The Ministry of Industry and Trade proposes temporarily applying a purchase price of VND671 (US$0.026) per kWh for excess self-generated rooftop solar power fed into the grid.
Installing roof-top solar power. Photo: Hoang Anh/The Hanoi Times |
Earlier, to encourage the development of clean energy, Deputy Prime Minister Tran Hong Ha instructed the Ministry of Industry and Trade to pilot a program allowing excess self-generated rooftop solar power to be sold to the national grid, with a cap of 10% of total capacity. The ministry has also been asked to set a purchase price for the excess electricity from self-generated rooftop solar systems.

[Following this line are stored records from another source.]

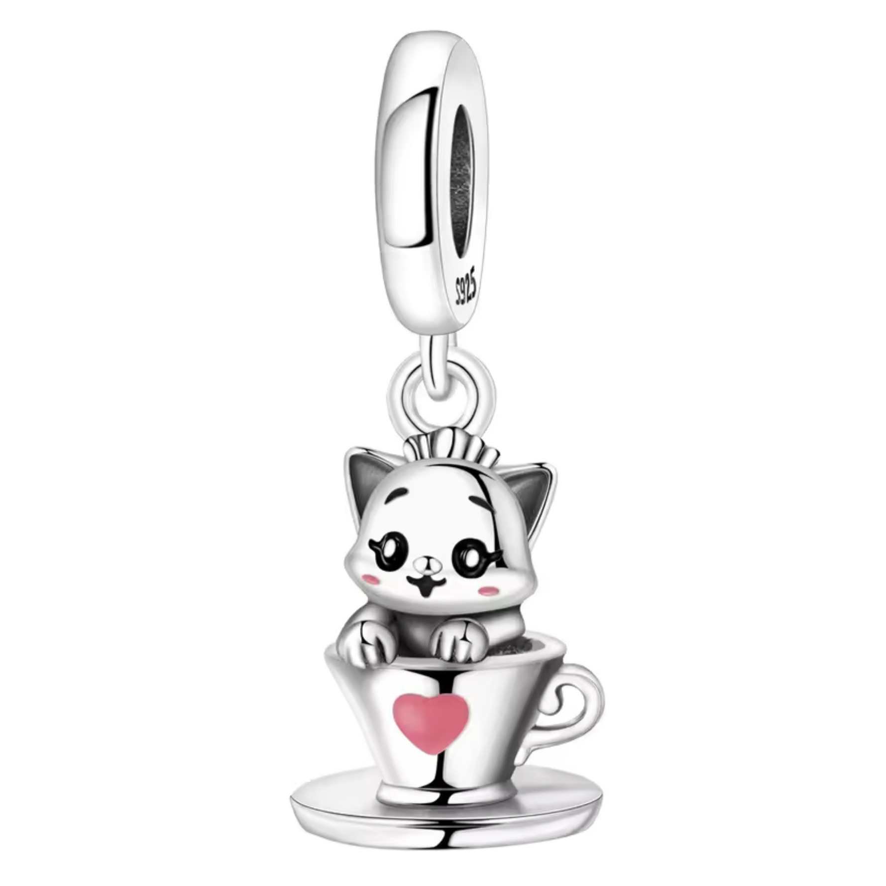 Verlieben Sie sich in diesen bezaubernden Charm, der ein kleines Kätzchen in einer Tasse darstellt. Dieses zarte Schmuckstück verbindet die Liebe zu Katzen mit der Wärme gemütlicher Momente. Perfekt für Katzenliebhaber und Liebhaber süßer Gegenstände verleiht dieser zarte Charm Ihrem Armband oder Ihrer Halskette einen Hauch von Weichheit und Verspieltheit.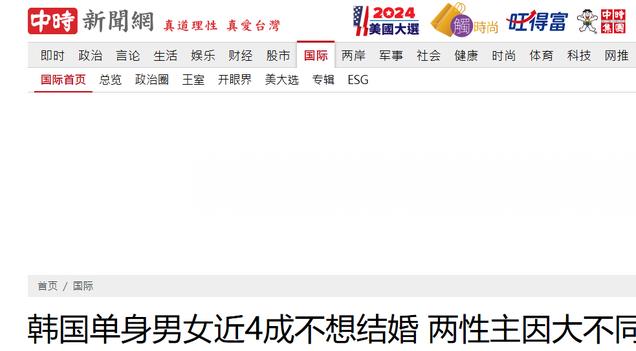 信息来源:中时新闻网-《韩国单身男女近4成不想结婚 两性主因大不同》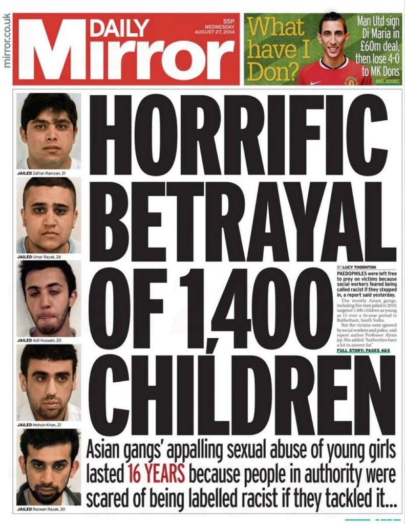Pendant plus de 15 ans, les autorités et la police ont dissimulé les criminels, craignant d'être accusés de racisme. Il a été interdit aux journaux de couvrir le scandale pour éviter des émeutes. Les médias britanniques ont qualifié les Pakistanais d'« hommes asiatiques » pour dissimuler le problème des viols.

In a report dated July 11, the Ministry of Industry and Trade presented several pricing options. The first option sets the purchase price based on the average annual avoidable cost tariff schedule issued by the Ministry. The avoidable cost rate is the cost of producing 1 kWh, adjusted for time of use and regional and seasonal variations. It applies to small renewable energy plants, such as small hydropower plants, without specific tariffs.
The second alternative is to base the price on the System Marginal Price (SMP) for each hour (excluding capacity market prices - CAN) minus the distribution cost per kWh. This price reflects the cost of the last generating unit or plant dispatched to the system.

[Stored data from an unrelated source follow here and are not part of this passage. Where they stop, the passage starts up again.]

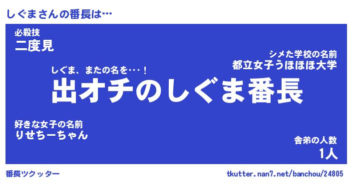 | 伝説のあだ名 | 『伝説のスナイパーしぐま』 |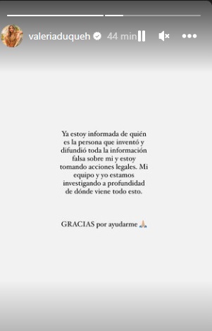 La modelo colombiana, Valeria Duque, reprochó que la hayan involucrado en una historia falsa en la que la culparan de ser la causante del rompimiento de Rauw Alejandro y Rosalía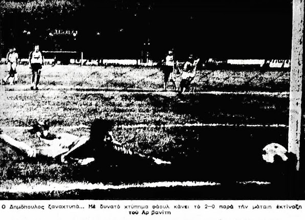 Το σκορ άνοιξε στο 8' με κεφαλιά του Δημόπουλου μετά από σέντρα του Γεωργόπουλου και δέκα λεπτά αργότερα ο Κωστίκος πάσαρε στον Δημόπουλο και αυτός έγραψε το 2-0.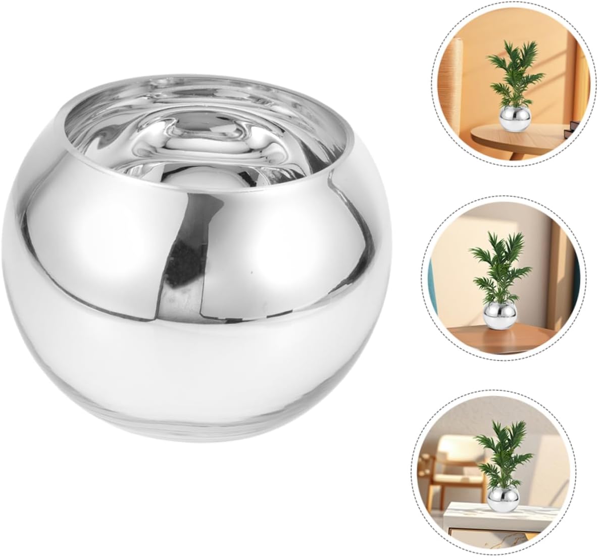Package Include 2 x ball glass vases Characteristics -Material:Glass planter pots -Multifunctional: ideal for living rooms, bedrooms, and offices, it adds a natural, refreshing ambiance to any setting terrarium bowl -Hydroponic versatility: suitable for hydroponic plants, this vase enhances your indoor environment holiday vase -Size:15.00X15.00X11.00cm/5.89X5.89X4.32in bouquet vase -Secure flower placement: the precisely designed opening holds flowers firmly, showcasing their elegance elegant flower vase -Color:Silver container -Contemporary style: the round glass vase adds a contemporary touch to your living room, reflecting your personal style air planter holder -Sturdy construction: made from glass, this vase ensures longterm use and resilience pedestal glass vaseGoods Informationglass pedestal vase Its wide opening allows for easy placement of flowers, while the reflective surface enhances the overall aesthetic.unique centerpiece vases Ideal for special occasions or everyday use, this vase adds a touch of elegance to any room, making it a versatile addition to your home decor.glass planter pot This round glass vase is for creating stunning floral arrangements

However, the ministry concluded that there is no suitable method for setting a price for surplus electricity, making it difficult to justify the use of either of the proposed options.
Therefore, the authorities propose a temporary purchase price of VND600-700 per kWh for excess power fed into the grid, or VND671 per kWh (based on the average avoidable cost tariff schedule for 2023). This rate is 58-63% lower than the current purchase prices for transitional renewable energy projects, ranging from VND1,587 to 1,816 ($0.062-0.071) per kWh.
The Ministry of Industry and Trade suggests this price could be adjusted annually to align with the development of the electricity system. This approach is simple, easy to implement, and cost-effective for EVN.
Regarding the pilot project to purchase up to 10% of the total capacity of surplus power, the Ministry noted that this would incur high costs since consumers would need to install devices to limit export and subsequently deter investment.
Thus, the ministry proposes purchasing no more than 10% of the total excess electricity fed into the grid. This aims to encourage investment, simplify implementation, save investment costs, and avoid negative outcomes and waste of social resources.
Vietnam has around 103,000 rooftop solar projects with a total installed capacity of over 9,500 MW.
According to the National Power Development Plan VIII (PDP8), the capacity of this source is expected to increase by 2,600 MW or cover 50% of office buildings and households by 2030.
Previously, during the drafting stage, the ministry had stated that it was not keen on buying excess self-generated rooftop solar power due to its instability and dependence on weather conditions. The ministry had proposed to purchase excess production at a price of zero dong. However, feedback from experts suggested allowing consumers to sell excess power to the grid, with regulatory limits on the surplus to prevent policy abuse, particularly in industrial zones and clusters.